Primary biliary cholangitis: current insights and novel therapies

Introduction: Primary biliary cholangitis (PBC) may present asymptomatically or with potentially debilitating symptoms and can progress to cirrhosis despite first-line ursodeoxycholic acid (UDCA) therapy. A subset of patients exhibits inadequate response or intolerance, necessitating novel targeted approaches and a personalized management paradigm. Areas covered: This review synthesizes recent literature on PBC, highlighting a new treatment approach centered on a finer prognostic characterization of patients at diagnosis and throughout follow-up.

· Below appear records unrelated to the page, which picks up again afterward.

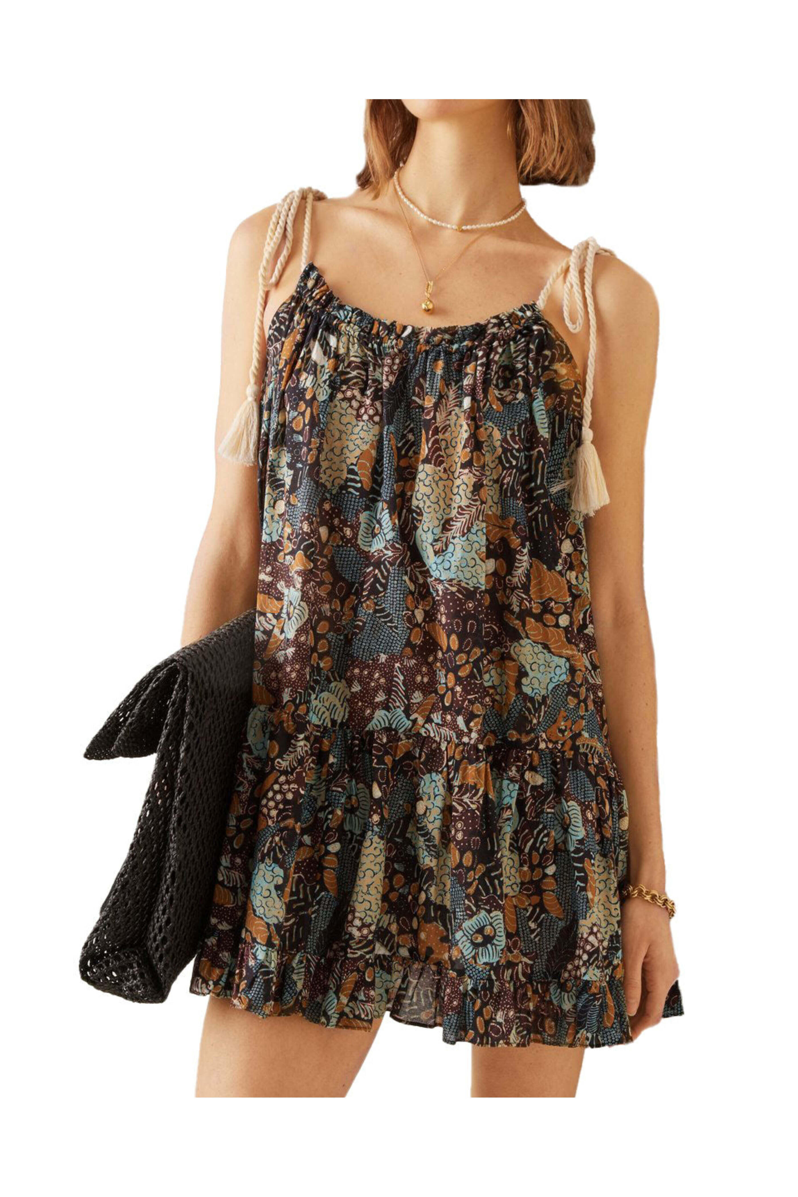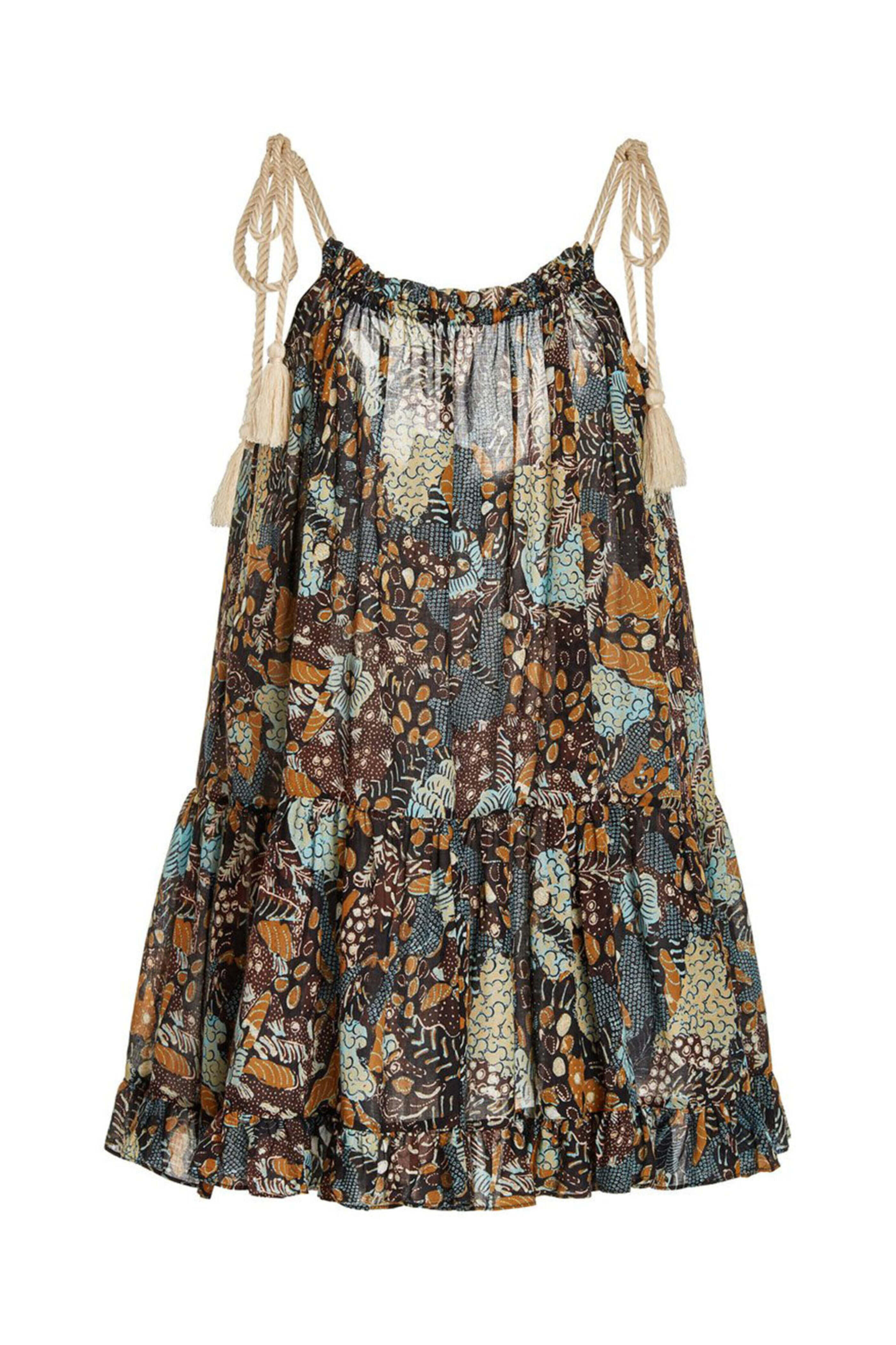 Ulla Johnson Trula Coverup in Batik. Gathered neckline. Adjustable rope ties at shoulder. Ruffled hem. Trapeze style. Relaxed fit. Unlined. Imported. 55% cotton, 45% viscose.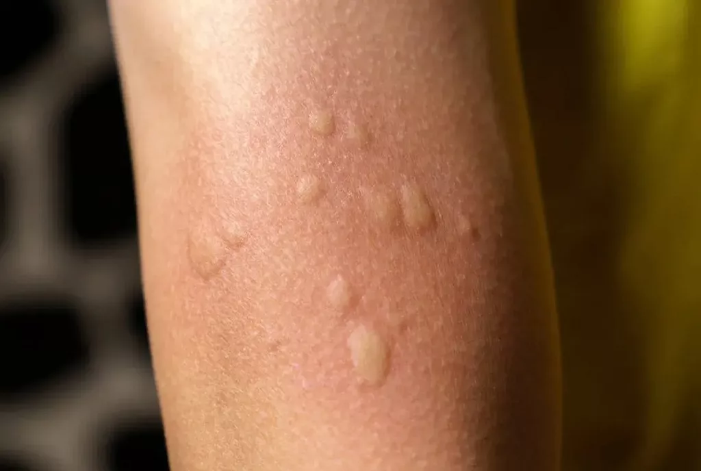 - ظاهر شدن کهیر (Urticaria): پاپولها یا پلاکهای برجسته، صورتی یا قرمز، معمولاً با هاله قرمز اطراف.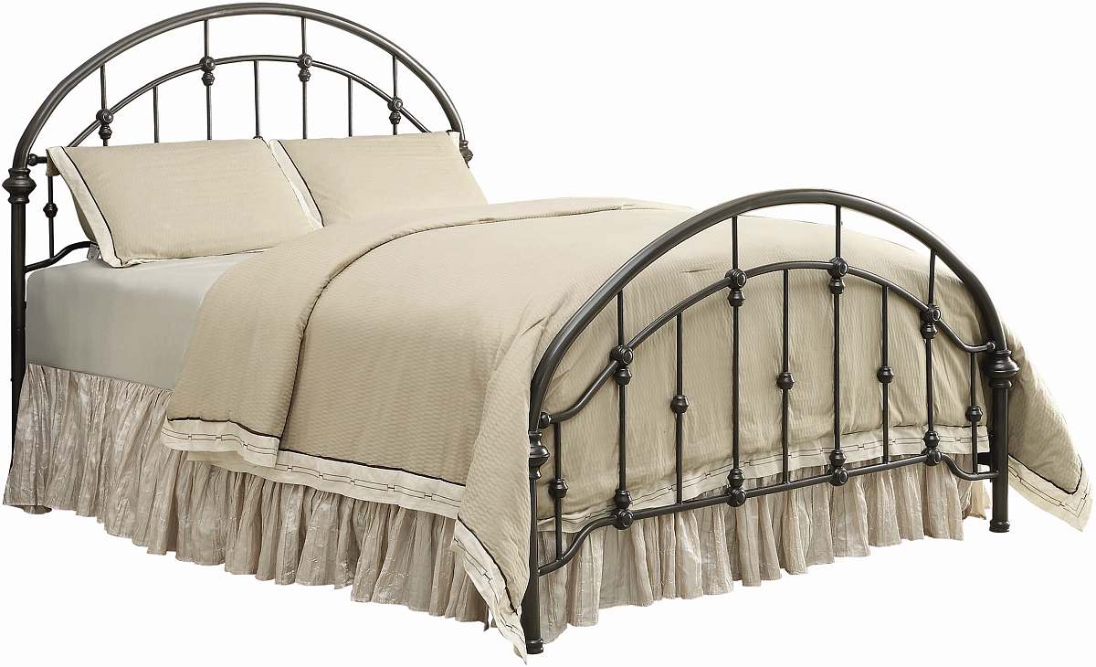 Complete a master bedroom with a decorative touch of glamour. This beautiful eastern king bed pulls a room together in style. Its arched headboard and footboard are adorned with intricate metal accents. A classic bronze finish adds a hint of subdued elegance. Top-quality metal craftsmanship rounds out its traditional appeal.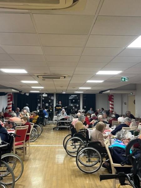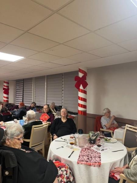 La salle de restauration, joliment décorée aux couleurs de Noël, a accueilli les résidents dans une ambiance joyeuse et conviviale. Sapin, décorations scintillantes et musique de saison ont contribué à créer un véritable esprit de fête, rappelant à chacun la magie de Noël.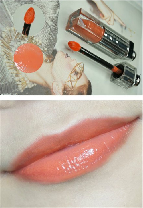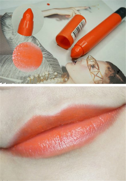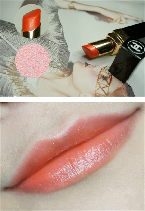 特点:比较正的橙色,上嘴很显白,带有一点小亮片加上膏体本身的滋润光泽,让嘴唇呈现丰盈饱满的感觉,不需要太繁杂的唇部护理就可以涂上出门了。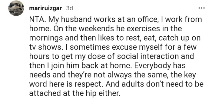 "NTA...Everybody has needs and they’re not always the same, the key word here is respect"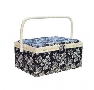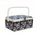Description: There are a plastic insert with dividers, pincushion and a pocket for small parts storage inside of a sewing box.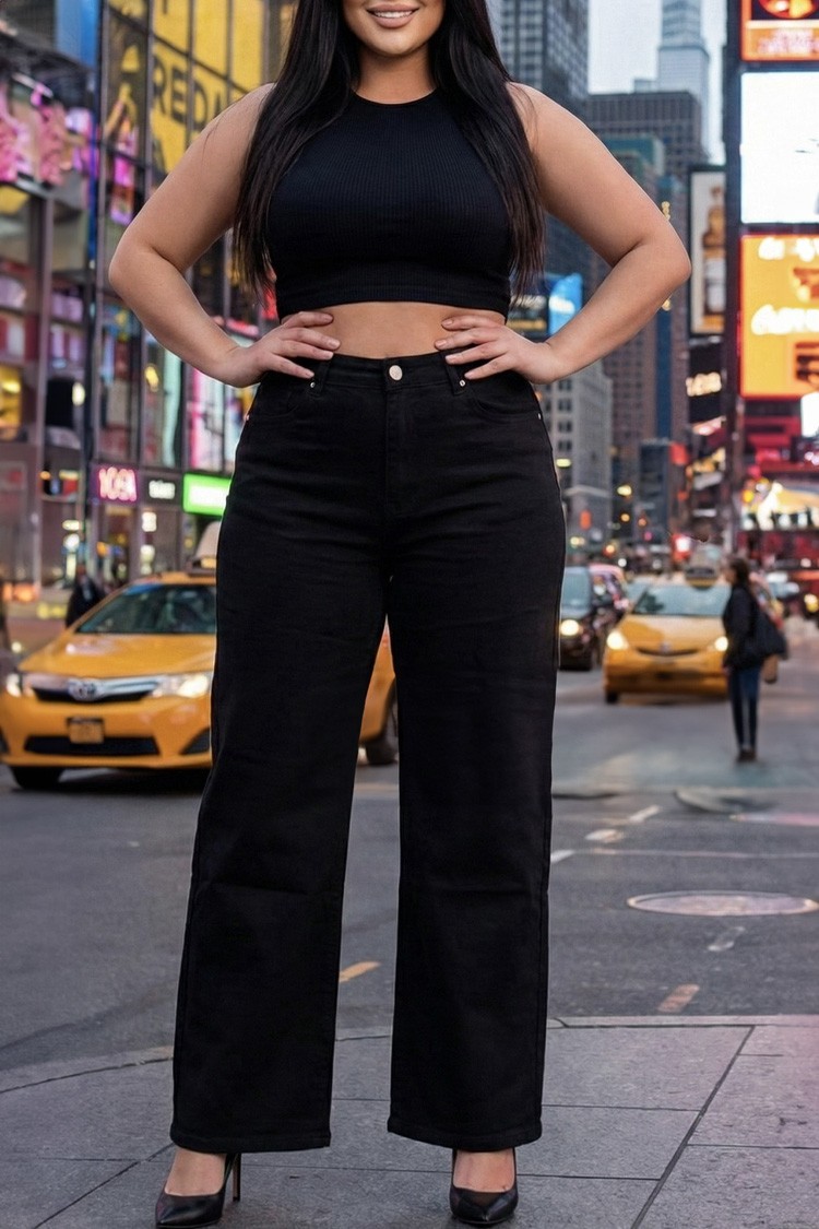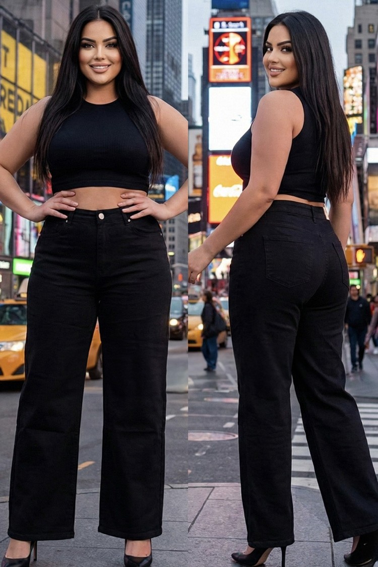 - Το μοντέλο έχει φαρδιά γραμμή, ψηλή μέση, τσέπες και μαύρο χρώμα.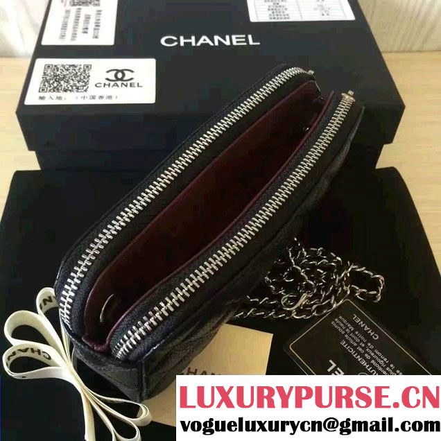 / Chanel Double Zipped Small Clutch Chian Bag A82527 Grained Calfskin Black/Silver 2016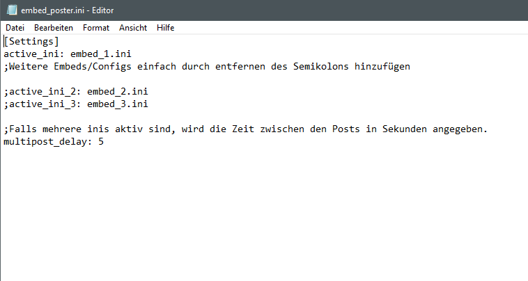 Pro-Tipp: Mehrere Embeds? Einfach Zeilen entkommentieren und multipost_delay anpassen (Wartezeit zwischen Posts).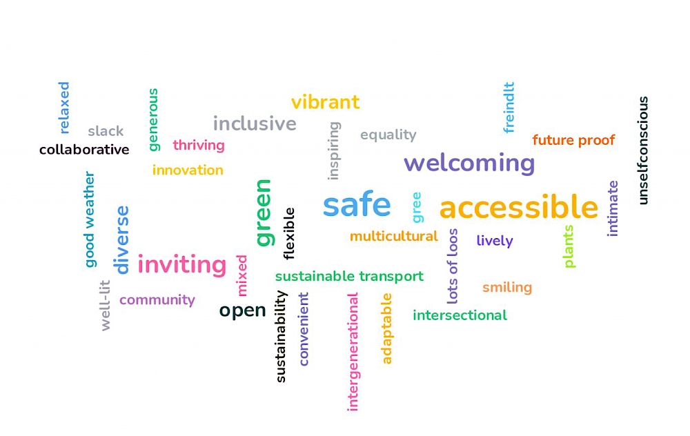 Suggest up to three words that describe an inclusive and connected 15-minute city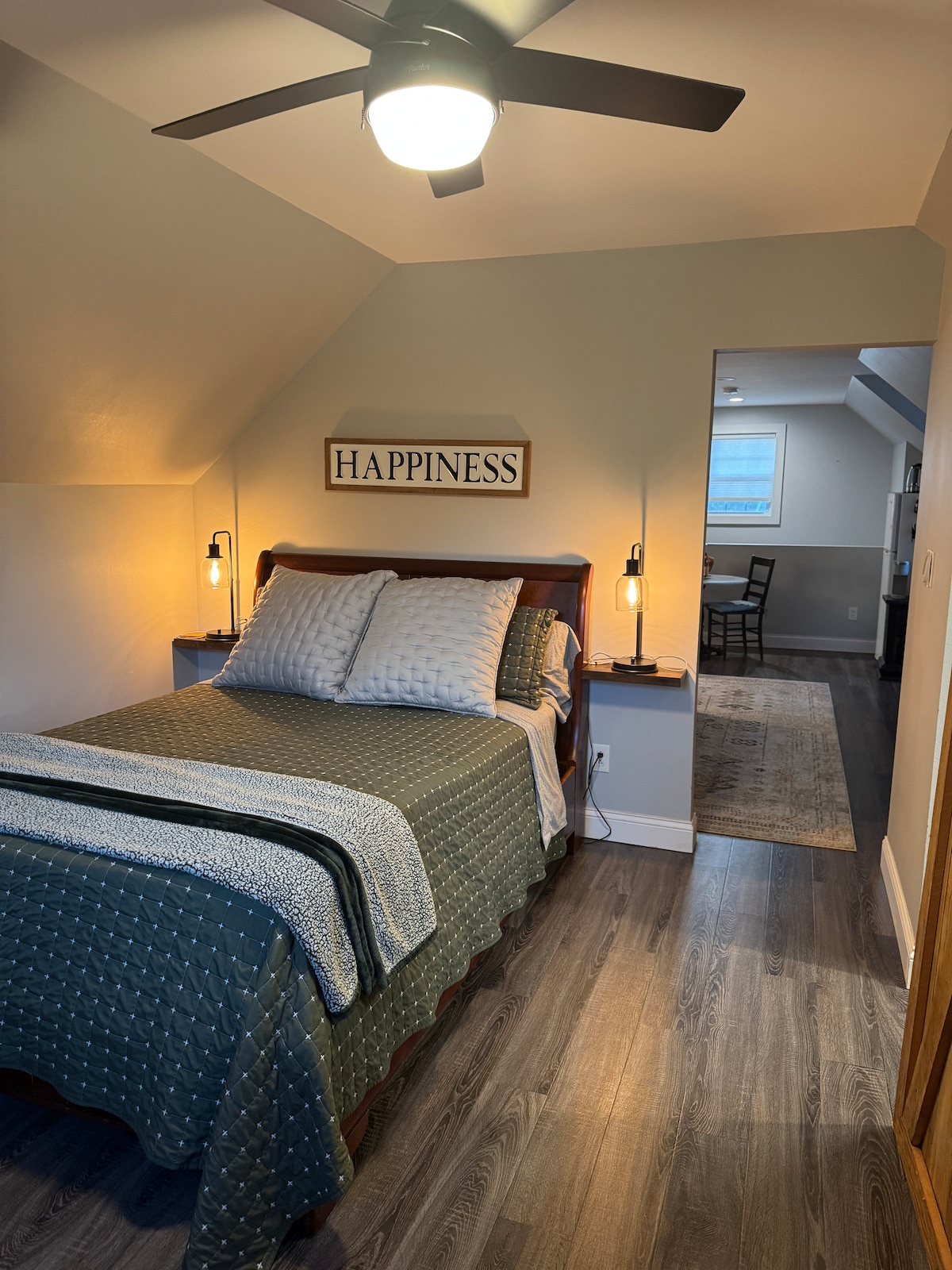 Siyakwamukela ku-loft yethu ethokomele enekamelo lokulala elilodwa, etholakala emizuzwini embalwa ukusuka e-I-70 futhi eseduze ne-Copper Dock Winery ne-Loveland Estates, elungele izivakashi zomshado. I-loft ihlezi ngaphezu kwegalaji elihlukanisiwe. Ngaphakathi, uzothola igumbi lokuphumula elithokomele, ikamelo lokulala elinombhede omkhulu, itafula elincane lasekhishini, i-microwave, ifriji/ifriji nomshini wekhofi we-Kuerig. Indawo yokupaka yangaphandle iyatholakala.

This approach enables the identification of high-risk phenotypes and variant forms, including PBC with autoimmune hepatitis features and premature ductopenic PBC which adversely influence UDCA responsiveness. We explore the mechanisms and efficacy of newly approved second-line therapies, and other emerging investigational agents. The urgent need for effective therapies for still difficult-to-treat symptoms such as pruritus and fatigue is also discussed. Expert opinion: The current PBC treatment paradigm necessitates a transition from reactive, failure-guided management toward prognostically based and individualized therapeutic regimens. Novel therapies hold the potential to enable more tailored clinical strategies, aiming for both robust biochemical responses and improved quality of life by alleviating symptom burden. Crucially, real-world evidence is essential for validating registrative trial findings and assessing long-term disease evolution, particularly in patient subgroups that are underrepresented within pivotal clinical trials.